0

I can't import csv (semicolon delimited) to R. The problem is that some columns contain text with special character (like semicolon) which result in unequal number of columns in some rows.

Special characters are surrounded by quotas, like ";". The file is 2.3 GB. I can open this file correctly in Excel (at least part of it).

I tried readr, data.table, basic R and failed.

read_csv2("C:/PE_Omnibus_plik_płaski/omnibus_clean.csv")

I could do this in Notepad++, but would prefer R.

  • please paste some example data and that will explain your problem better. – abhiieor Aug 18 '16 at 08:12
  • Hi, it's difficult to give a sample data, because if I open it in Excel, the file is open correctly :).

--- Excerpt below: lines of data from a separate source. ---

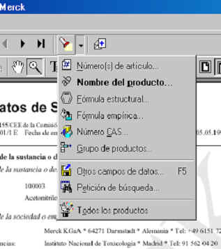 Instrucciones para la utilización de la base de datos de la firma MERCK para la obtención de "hojas de datos de seguridad (MSDS)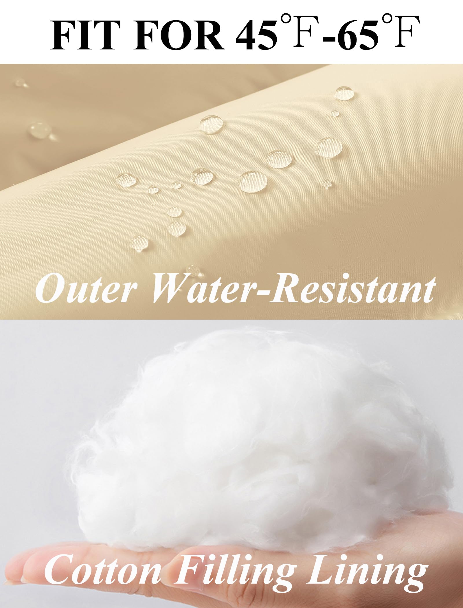 Water Resistant: Featuring a water repellent fabric, this thermal vest finish sheds light rain and snow. It is filled with 100% cotton that is more puffy and insulated. Suitable for temperatures between 45°F and 65°F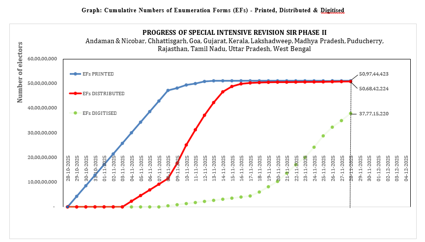 विशेष गहन पुनरीक्षण (एसआईआर) चरण II गणना चरण: 4 नवंबर, 2025 से 4 दिसंबर, 2025 मतदाता विशिष्ट गणना प्रपत्रों (ईएफ) के वितरण और डिजिटलीकरण की स्थिति राज्य/केंद्र शासित प्रदेश बीएलओ/बीएलए की संख्या वितरित ईएफ ईएफ डिजिटल नाम 27 अक्टूबर 2025 तक मतदाता बीएलओ** बीएलए*** संख्या प्रतिशत संख्या प्रतिशत 1. अंडमान और निकोबार 3,10,404 411 683 3,10,367 99.99 2,36,770 76.28 2. छत्तीसगढ़ 2,12,30,737 24,371 38,846 2,11,26,508 99.51 1,65,17,666 77.80 […]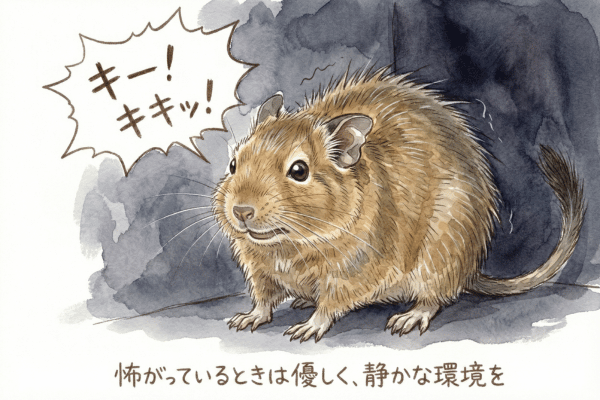 もしデグーが怖がっているようであれば、不安やストレスの原因を理解し、安心させるために静かな環境を提供することが大切です。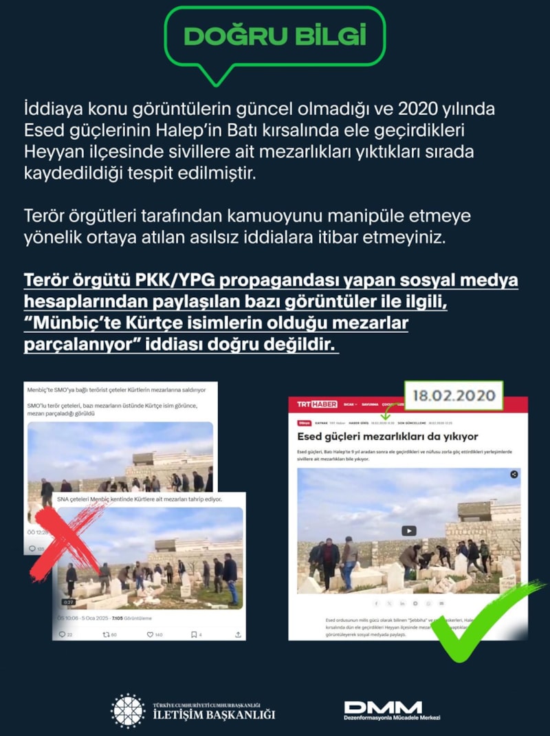 Dezenformasyonla Mücadele Merkezi, terör örgütü PKK/YPG propagandası yapan sosyal medya hesaplarından paylaşılan bazı görüntüler ile ilgili, “Münbiç'te Kürtçe isimlerin olduğu mezarlar parçalanıyor” iddiasının doğru olmadığını bildirdi.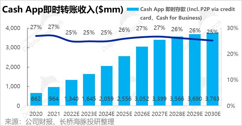 基于以上假设,我们预测Cash App即时存款收入有望由2021年的9.6亿美元增长到2030年的38亿美元。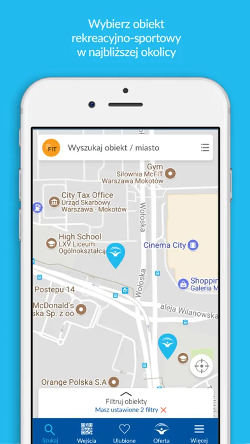 Aplikacja mobilna Medicover Sport pomoże Ci wyszukać dany obiekt, znajdujący się w Twojej okolicy. Wybierz interesującą Cię kategorię i korzystaj z szerokiej gamy usług sportowo – rekreacyjnych, dostępnych w pakietach Medicover Sport: siłownia, taniec, basen, tenis, sztuki walki, kręgle, bilard i wiele innych. My mamy to wszystko, a Ty masz możliwości. Postaw na aktywność fizyczną oraz rekreację i rozrywkę.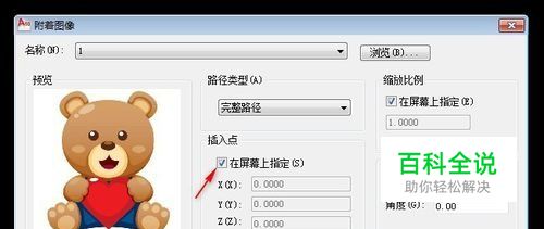 在弹出的【附着图像】对话框中,单击选中【在屏幕上指定】复选框,然后根据自己的实际需要,单击屏幕上的任意位置,完成图像插入。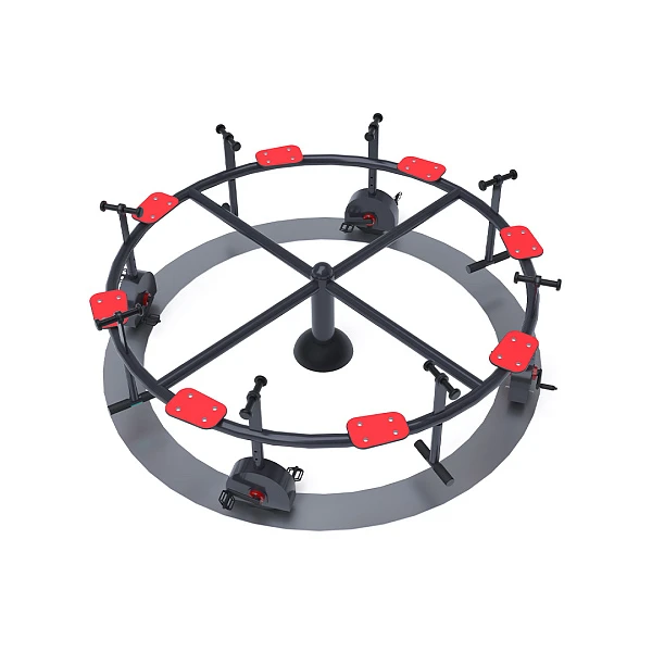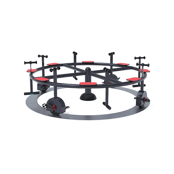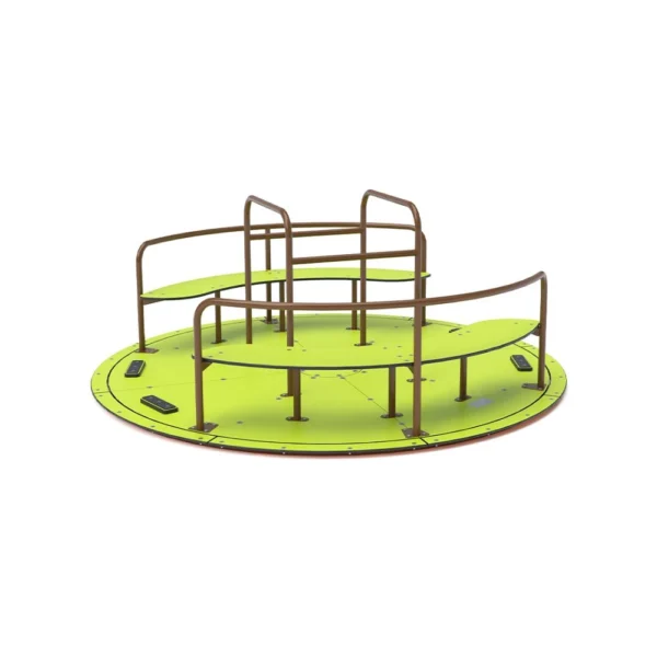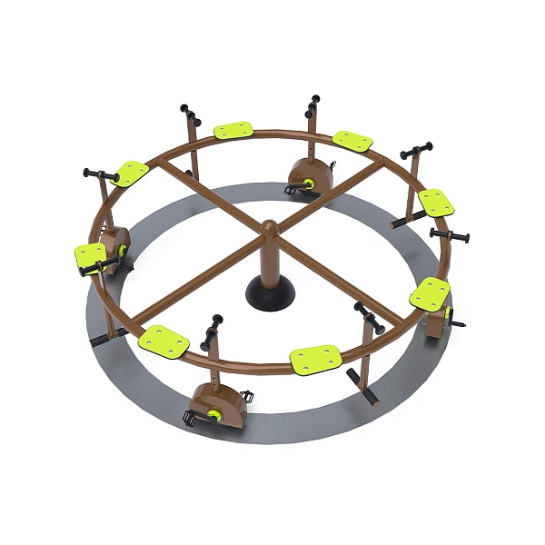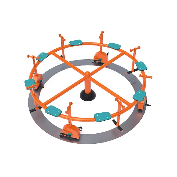 Dječji vrtuljak s pedalama i sjedalima izrađen je od vruće pocinčanog čelika, završen praškasto premazanim bojom. Dizajniran je s naglaskom na postizanje dugog vijeka trajanja i sigurnosti u radu. Sjedala su izrađena od HPL materijala, koji je kemijski otporan, UV otporan, netoksičan, reciklirajući i nelomljiv. To osigurava sigurnost djece od oštrih rubova ili fragmenata. Za povećanu sigurnost, mehanizam pedala je jednosmjeran, što sprječava da vrtuljak okreće pedale tijekom rada.

In this post: (http://stackoverflow.com/questions/9364739/how-to-format-data-in-a-csv-files-so-that-it-can-easily-be-imported-in-r/9365281#9365281) @John said that "You can violate the unique separator requirement if your entries are wrapped in quotes". I have file like that, but can't open it in R properly. – Seweryn Grodny Aug 18 '16 at 09:22
  • @SewerynGrodny Did you try with different encoding options? – amrrs Aug 18 '16 at 09:32
  • @amrrs no i didn't. I thougth it's irrelevent in my case. Do you know, how can I do this? – Seweryn Grodny Aug 18 '16 at 09:43
  • I had similar issue recently with unknown symbols occurring in the text which R thought as column end, Just playing with different encoding solved it `read.csv("data.csv", encoding="UTF-8", stringsAsFactors=FALSE)` and you can try `fileEncoding="latin1"` – amrrs Aug 18 '16 at 10:14
  • @amrrs thx for it. I'm testing it now. But read.csv is quiet slow (especially with 2.3 GB). Do you know how i could do this in `readr` – Seweryn Grodny Aug 18 '16 at 12:06
  • 1
    @SewerynGrodny `fread` of `data.table` should help you improve the speed – amrrs Aug 18 '16 at 12:13
  • I tried few options and results are as follow: `read.csv("data.csv", encoding="UTF-8", stringsAsFactors=FALSE)` works fine as well as `read.csv("data.csv")`. But neither `read_csv2` nor fread does. Strange situation :) – Seweryn Grodny Aug 18 '16 at 20:21
  • If you can open it in excel, just re-save it as a .csv and make sure to surround any text fields with quotation marks. – MichaelChirico Aug 22 '16 at 17:38

0 Answers0